Hybrid Algorithm for Optimizing Beam Weights in Radiotherapy
Author Information
Author(s): Vaitheeswaran Ranganathan, Sathiya Narayanan V. K., Bhangle Janhavi R., Nirhali Amit, Kumar Namita, Basu Sumit, Maiya Vikram
Primary Institution: Siemens Ltd., HealthCare Sector, Pune, India
Hypothesis
Integrating an exact optimization algorithm with a heuristic optimization algorithm will lead to a more efficient global optimizer for beam weight optimization in anatomy-based intensity modulated radiotherapy.
Conclusion
The hybrid algorithm significantly improves optimization speed and treatment plan quality in anatomy-based IMRT compared to traditional methods.
Supporting Evidence
- The hybrid algorithm's convergence speed is approximately three times higher than that of the fast simulated annealing algorithm.

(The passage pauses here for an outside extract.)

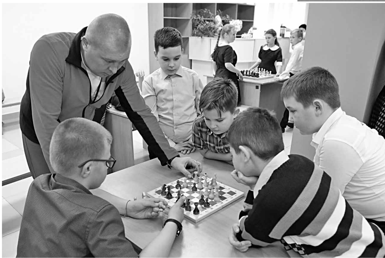
Шахматные перемены в Красноярской школе № 2

- The hybrid algorithm shows about 20% improvement in convergence compared to the Gaussian elimination method.
- Treatment plans generated by the hybrid algorithm demonstrate better conformity and homogeneity indices compared to those generated by Gaussian elimination and fast simulated annealing.
- The hybrid algorithm produces smoother beam weights, which can lead to more efficient treatment delivery.
Takeaway
This study created a new way to quickly and effectively plan cancer treatments using a special computer program that combines two different methods.
Methodology
The study used a hybrid approach combining Gaussian elimination and fast simulated annealing algorithms to optimize beam weights for 8 patients in anatomy-based IMRT.
Limitations
The study does not address potential variations in patient anatomy or treatment response that could affect the generalizability of the results.
Participant Demographics
Patients included in the study had various cancer types, specifically prostate and brain cases.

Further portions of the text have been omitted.